Berlin Rejects Funding for Chris Dercon’s Latest Project

It's the latest blow for the Volksbühne Theater's unpopular incoming director.

Outgoing Tate Modern Director Chris Dercon was revealed as the new director of the Volksbühne, Berlin in April 2015. Photo: 1:54 Contemporary African Art Fair via YouTube.

Things haven’t exactly gone smoothly for outgoing Tate Modern director Chris Dercon since it was announced that he will take over Berlin’s storied Volksbühne theater next year. Now he’s been dealt another setback after the German capital’s senate rejected a €500,000 ($559,000) funding request for a cultural project.

In its third meeting of 2016 the charitable committee of Berlin’s Lottery Foundation chaired by Berlin’s governing mayor Michael Müller distributed €18.5 million ($20 million) to 35 projects promoting society, sports education, integration, and culture. And Dercon’s project wasn’t among those that received a grant.

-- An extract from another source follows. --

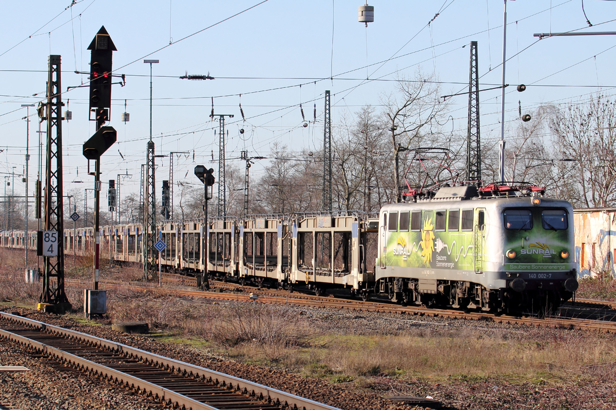 Gestern ging es für mich am späten Nachmittag mit dem Auto nach dem Feierabend an die Bahn. Aufgrund der Vormeldung, dass die zwei 140er mit einem Containerzug südwärts unterwegs waren, machte ich mich auf den Weg nach Niedernjesa. Mit ein etwas Verspätung rollte der Zug an mir vorbei.

The incoming director’s proposal for staging a project with refugees on the grounds of the former Tempelhof airport was rejected in order to obtain more detailed information. However, according to the German daily Tagesspiegel, the proposal will be reconsidered by the committee at a later date.

Volksbühne, Berlin Photo: Wikimedia Commons

Volksbühne, Berlin
Photo: Wikimedia Commons

It’s been a tough year for Dercon who’s appointment by Berlin culture senator Tim Renner was unpopular from the start. His replacement of popular outgoing director of 25 years Frank Castorf provoked criticism from all quarters, with local media questioning Dercon’s suitability for the role (he’s never directed a theater), and the hefty €4.25 million ($4.7 million) budget associated with his appointment. Much of the anger was directed towards the €138,000 ($154,000) set aside for Dercon and program director Marietta Piekenbrock’s salaries and travel expenses for 2016, a year before officially taking up the position.

Making matters worse, in June 172 staffers and actors at the Volksbühne signed an open letter addressed to Berlin’s senate and federal culture minister Monika Grütters criticizing Dercon’s plans for the avant-garde theater as “banal” and “a threat.” The storied institution has always been on the very forefront of contemporary theater and staffers urged that the appointment should be “rethought.”

Projects that were granted funding include Berlin’s Bauhaus Archive, which received €1.1 million ($1.2 million) for the acquisition of the estate of the artist couple Hinnerk and Lou Scheper, and the Schaubühne theater, which received €600,000 ($670,000) towards it’s three-year “theater without borders” project, among others.